=== Section Start ===

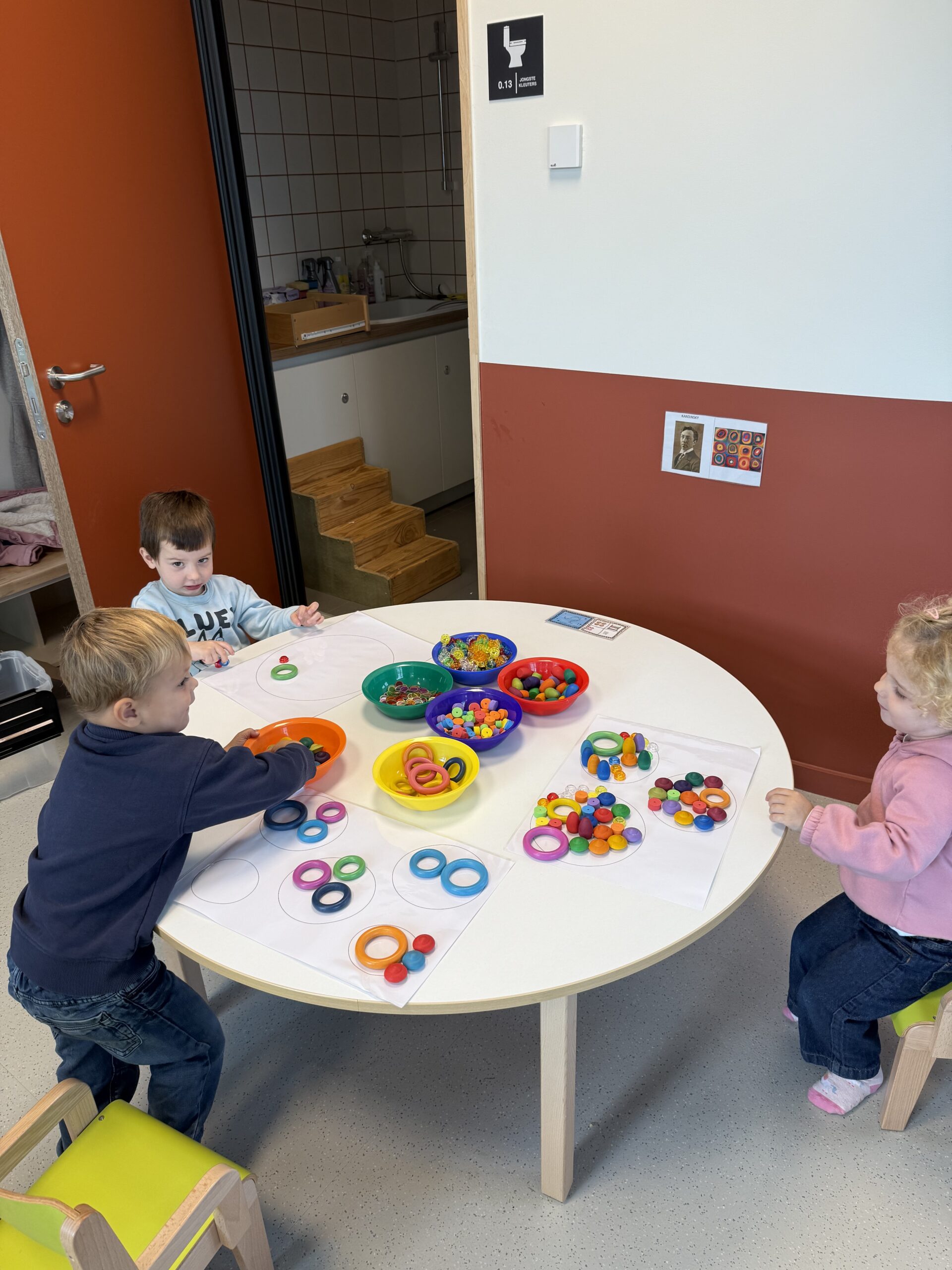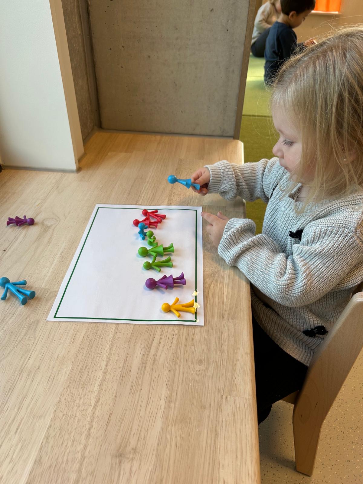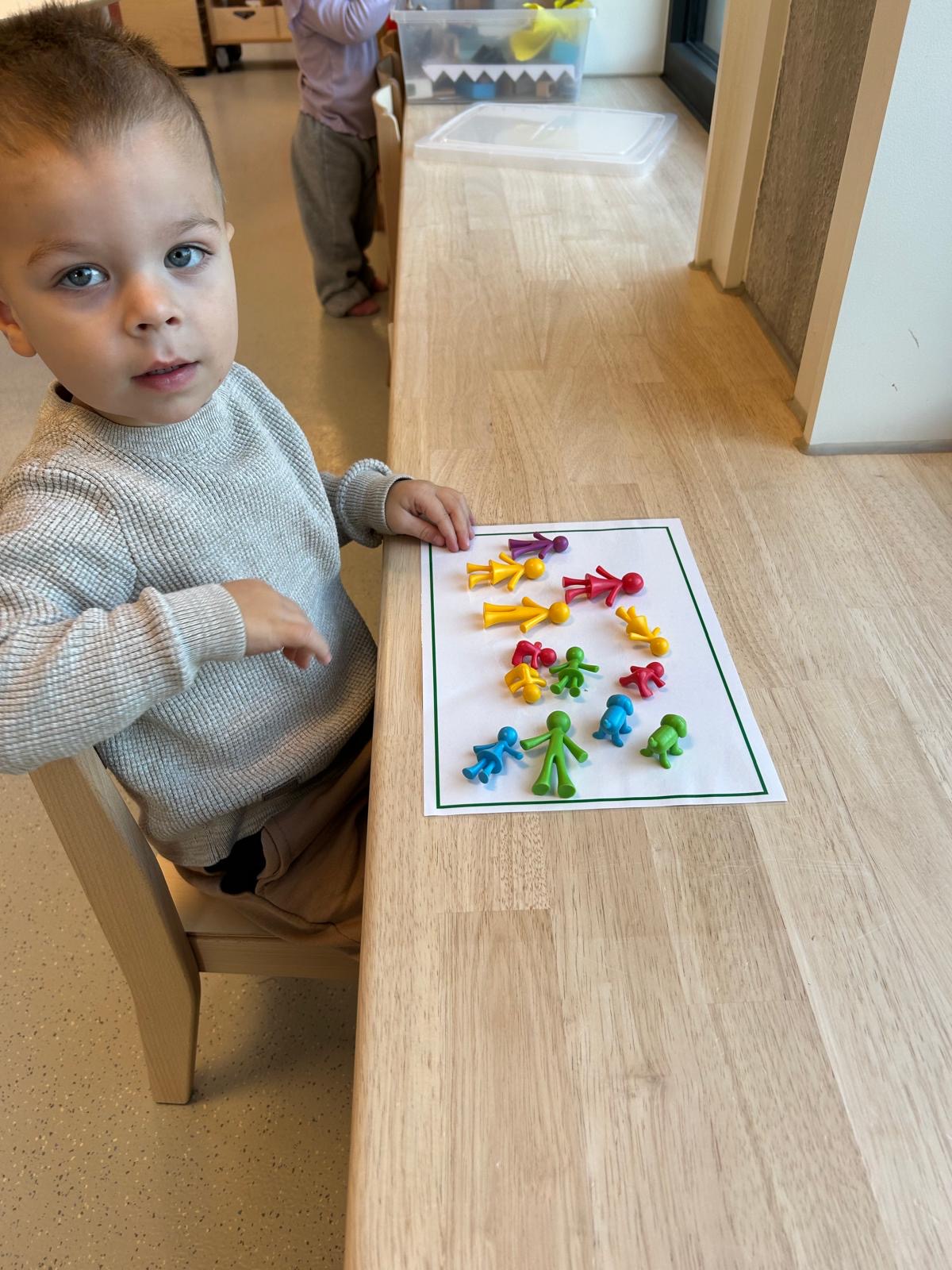 Aan de wiskundetafel oefenden we verder het tellen tot 3 en legden we de 1/1 relatie.
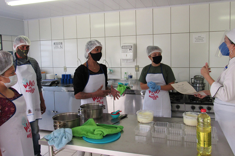Munidos de avental, touca, luvas e máscaras, os alunos estavam atentos aos ensinamentos da chef Ana Elisa Passos, que, enquanto explicava a preparação das sobremesas, ia intercalando conhecimentos acerca das boas práticas da cozinha. Já no primeiro dia, o grupo preparou brigadeirão e manjar de coco. “Durante o curso eles vão aprender oito sobremesas e vão poder variar as receitas, usar a base de uma com o complemento de outra, fazer variações”, explicou.
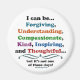 I can be Forgiving, Understanding, Compassionate, Kind, Inspiring, and Thoughtful, but it's not one of those days. Funny sarcastic saying.
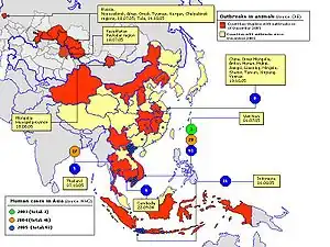 The epicenters of both the Asian influenza pandemic of 1957 and the Hong Kong influenza pandemic of 1968 were in Southeast Asia, and it is in this region that multiple clades of H5N1 influenza virus have already emerged. The Asian H5N1 virus was first detected in Guangdong Province, China, in 1996, when it killed some geese, but it received little attention until it spread through live-poultry markets in Hong Kong to humans in May 1997, killing 6 of 18 infected people. [...] From 1997 to May 2005, H5N1 viruses were largely confined to Southeast Asia, but after they had infected wild birds in Qinghai Lake, China, they rapidly spread westward. [...] The intermittent spread to humans will continue, and the virus will continue to evolve.Map[4]
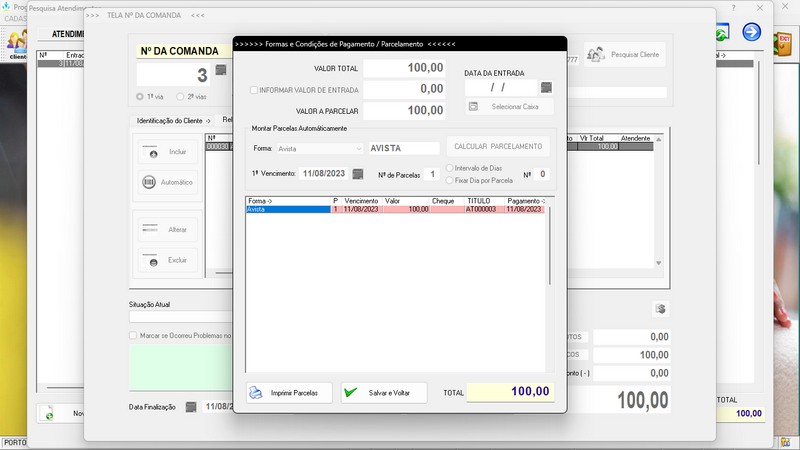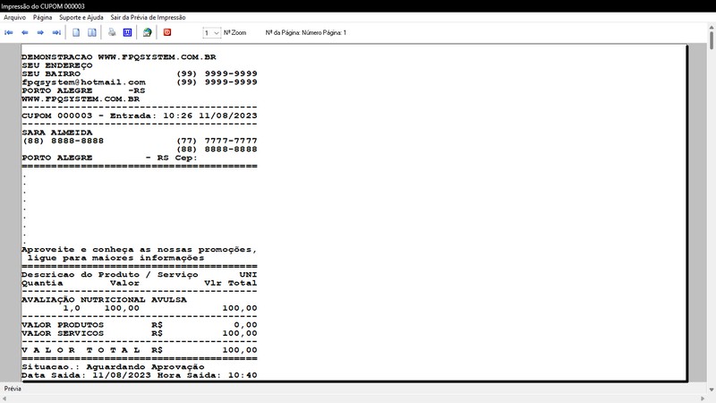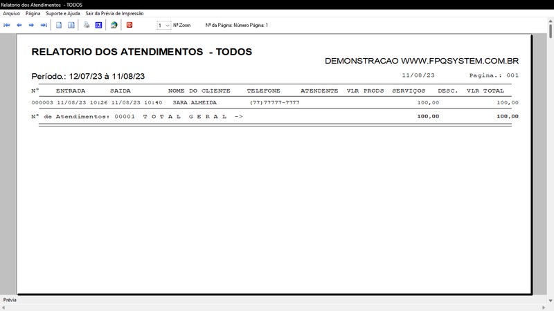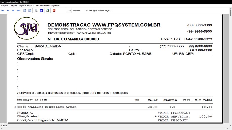 na impressão do Atendimento

=== Section End ===

▶ [What is being asked]
Repeat verbatim the lines from the one with "The epicenters of" through the end of the listing above. Include both ends, add nothing, and exclude the pictures.

▶ [Answer to the problem]
 The epicenters of both the Asian influenza pandemic of 1957 and the Hong Kong influenza pandemic of 1968 were in Southeast Asia, and it is in this region that multiple clades of H5N1 influenza virus have already emerged. The Asian H5N1 virus was first detected in Guangdong Province, China, in 1996, when it killed some geese, but it received little attention until it spread through live-poultry markets in Hong Kong to humans in May 1997, killing 6 of 18 infected people. [...] From 1997 to May 2005, H5N1 viruses were largely confined to Southeast Asia, but after they had infected wild birds in Qinghai Lake, China, they rapidly spread westward. [...] The intermittent spread to humans will continue, and the virus will continue to evolve.Map[4]
 na impressão do Atendimento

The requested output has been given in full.